Oggi tutto questo è più difficile da capire: con le video chiamate, internet, le distanze diventano più tollerabili e si ha molto meno la percezione della lontananza, che diventa solamente fisica e non più visiva. Le persone oggi sono sempre raggiungibili, ma quando ero piccolo io c’era solo il telefono di casa e le chiamate interurbane erano molto costose e spesso piuttosto disturbate. Solitamente ci si dava un appuntamento telefonico e si cercava di condensare in pochi minuti le informazioni più importanti sforzandosi di far passare tutto l’affetto, la nostalgia e la malinconia dell’assenza attraverso quel sottile filo di plastica che spariva chissà dove attraverso la spina nel muro.

Ricordo le chiacchere in macchina, tornando dall’aeroporto, l’ansia di raccontare grandi e piccole cose successe durante quei mesi, un fluire di parole senza soluzione di continuità, una sintesi strampalata ma piena di emozione. In quel momento eravamo una famiglia perfetta; la distanza ci aveva reso più uniti, risvegliando l’affetto più profondo che provavamo l’un l’altro e cancellando, seppur temporaneamente, gli attriti e le incomprensioni  fisiologiche di ogni convivenza.

Sarà forse per questo che gli aeroporti mi danno sempre una sensazione di familiarità, di calore, nonostante io viva ogni partenza sempre con un leggero stato di ansia. Viaggio molto spesso, ma non smetto di avere timore di aver dimenticato un documento o un timbro su un visto, o di incappare in qualche imprevisto che mi impedisca di partire. Il ritorno invece è sempre più disteso; anche se di frequente non è affatto un ritorno a casa, per qualche strano riflesso psicologico, lo vivo sempre in modo più rilassato. Anche l’attesa al nastro bagagli è meno tesa. Il mio bagaglio di cose indispensabili all’estero una volta varcata la frontiera diventa del tutto superfluo, quasi un peso, un ammasso di vestiti da lavare e altra roba a cui trovare un posto.

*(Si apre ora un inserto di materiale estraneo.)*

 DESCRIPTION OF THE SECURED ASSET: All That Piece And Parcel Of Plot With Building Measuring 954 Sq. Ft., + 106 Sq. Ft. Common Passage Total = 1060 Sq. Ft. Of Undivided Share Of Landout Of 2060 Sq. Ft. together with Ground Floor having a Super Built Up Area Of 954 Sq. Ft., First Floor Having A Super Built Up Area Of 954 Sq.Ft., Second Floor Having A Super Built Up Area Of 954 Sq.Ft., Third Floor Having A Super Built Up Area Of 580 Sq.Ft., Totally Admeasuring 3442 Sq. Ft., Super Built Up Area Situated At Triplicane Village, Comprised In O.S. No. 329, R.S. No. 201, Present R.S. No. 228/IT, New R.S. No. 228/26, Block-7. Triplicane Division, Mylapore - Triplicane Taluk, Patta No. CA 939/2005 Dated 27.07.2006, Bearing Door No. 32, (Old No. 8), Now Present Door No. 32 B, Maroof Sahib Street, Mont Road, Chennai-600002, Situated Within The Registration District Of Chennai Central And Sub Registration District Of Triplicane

Quando penso al “tornare” poi, penso sempre alla mia città. Non alla città in cui vivo ora – da più di 20 anni! – ma in quella dove sono nato e cresciuto. Ho notato che spesso, quando racconto a qualcuno dei miei programmi di viaggio, sostituisco la parola casa con il nome della mia città di origine e mi accorgo dell’errore solamente dallo sguardo interrogativo del mio interlocutore.

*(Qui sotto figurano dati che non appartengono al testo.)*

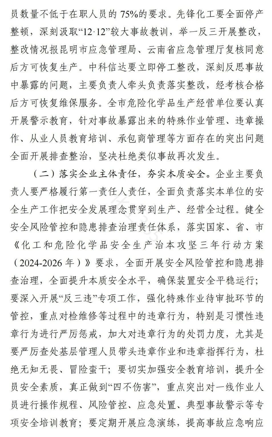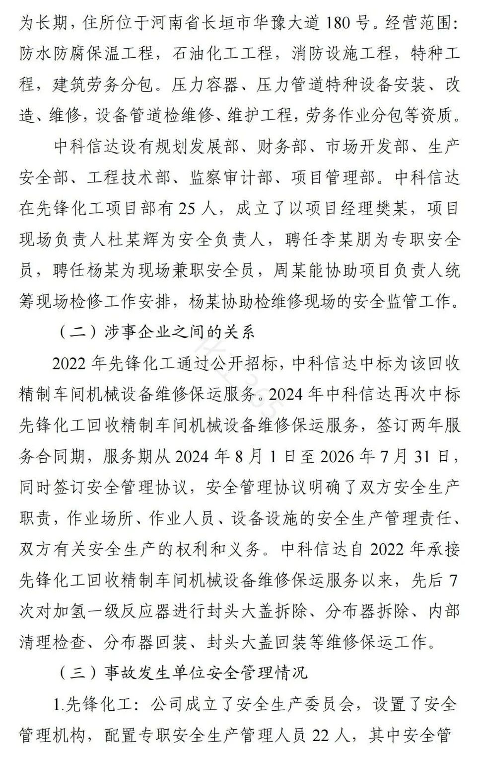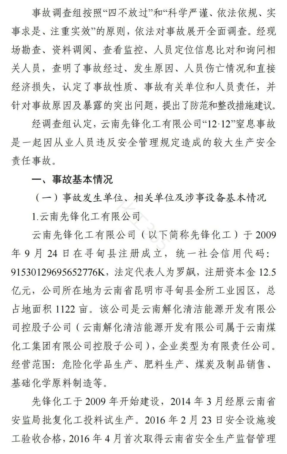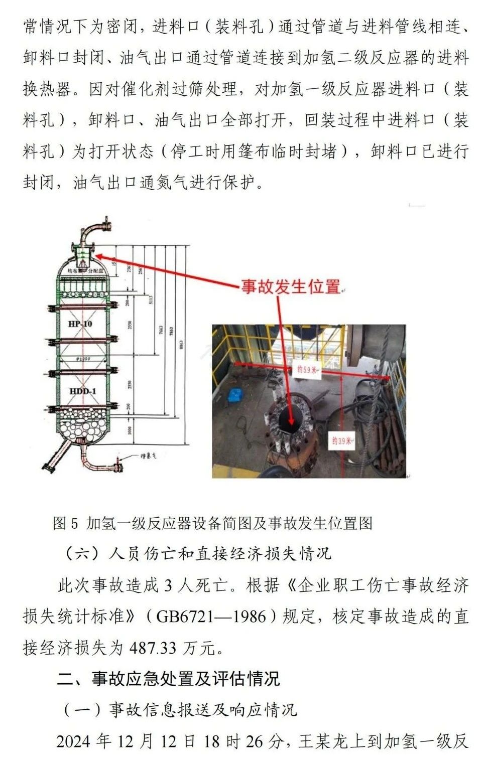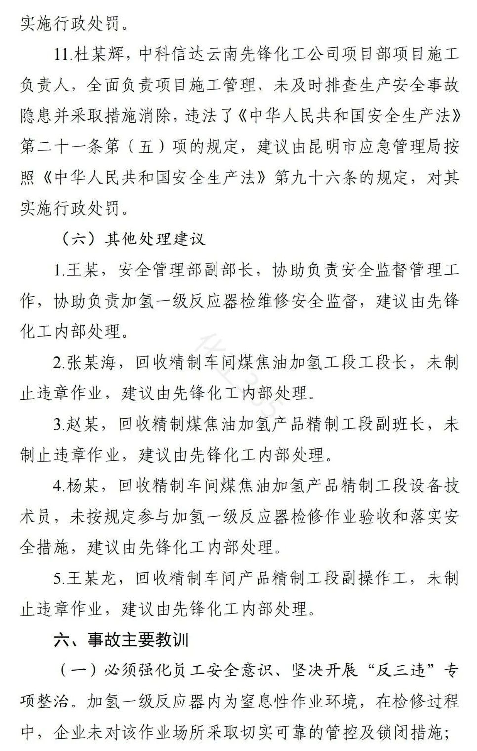 2024 年 12 月 12 日 17 时 41 分左右,云南先锋化工有限公司回收精制车间 12 万吨/年宽馏分煤焦油加氢装置一级反应器(以下简称加氢一级反应器)在检修期间,发生一起氮气窒息事故,造成 3 人死亡。

Ormai nessuno viene più a prendermi all’aeroporto. Le mie permanenze all’estero non sono mai tanto lunghe da creare quel senso di attesa che spinge una persona ad arrivare all’aeroporto in orari spesso improbabili. In più, esistono collegamenti efficientissimi e veloci per raggiungere la città e valige leggere e comode da trasportare, non è più necessario scomodare nessuno. Nonostante questo, ogni volta che varco il gate di uscita, mi accorgo di cercare con lo sguardo qualche faccia conosciuta tra la gente in attesa e gli autisti con i cartelli in mano. Non mi aspetto di trovare mia moglie, o i miei figli, anche se a volte mi hanno fatto una sorpresa. Cerco lo sguardo di mio padre, impaziente di conoscere i racconti dei miei primi viaggi; quello di mia madre, che aspetta di vedermi e capire con una sola occhiata come sto, e vedo sul suo viso sciogliersi in un attimo tutta la tensione dell’attesa.

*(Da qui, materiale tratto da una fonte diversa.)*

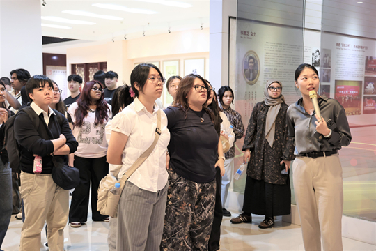 訪問期間,代表團在校方陪同下參觀了學(xué)術(shù)交流中心與培華藝術(shù)館。學(xué)術(shù)交流中心陳列了傳媒與設(shè)計學(xué)院2025屆優(yōu)秀畢業(yè)設(shè)計作品,涵蓋視覺傳達(dá)設(shè)計、工藝美術(shù)、服裝與服飾設(shè)計等多個專業(yè),獲得新方師生高度評價。藝術(shù)館展出的漆藝作品與甲骨文展覽,也彰顯了西安培華學(xué)院的文化底蘊與專業(yè)特色。

Un piccolo ritorno nel passato insomma. Alle vecchie abitudini, alle voci conosciute e rassicuranti degli amici d’infanzia; al vecchio quartiere, ma non com’è ora ma come era anni fa, quando ci vivevo io. Con il bar all’angolo che adesso non c’è più e quella bella cartoleria che stava dove adesso c’è il negozio dei cinesi. Per ritrovare per un momento quella sensazione benefica, quella consapevolezza effimera di essere al proprio posto, finalmente a casa.

Ma la casa non è il passato, ma il futuro. E’ il futuro che mi attende là fuori. Una notifica sullo smartphone mi avvisa della partenza del mio treno tra pochi minuti. Accidenti, il futuro è sempre di corsa.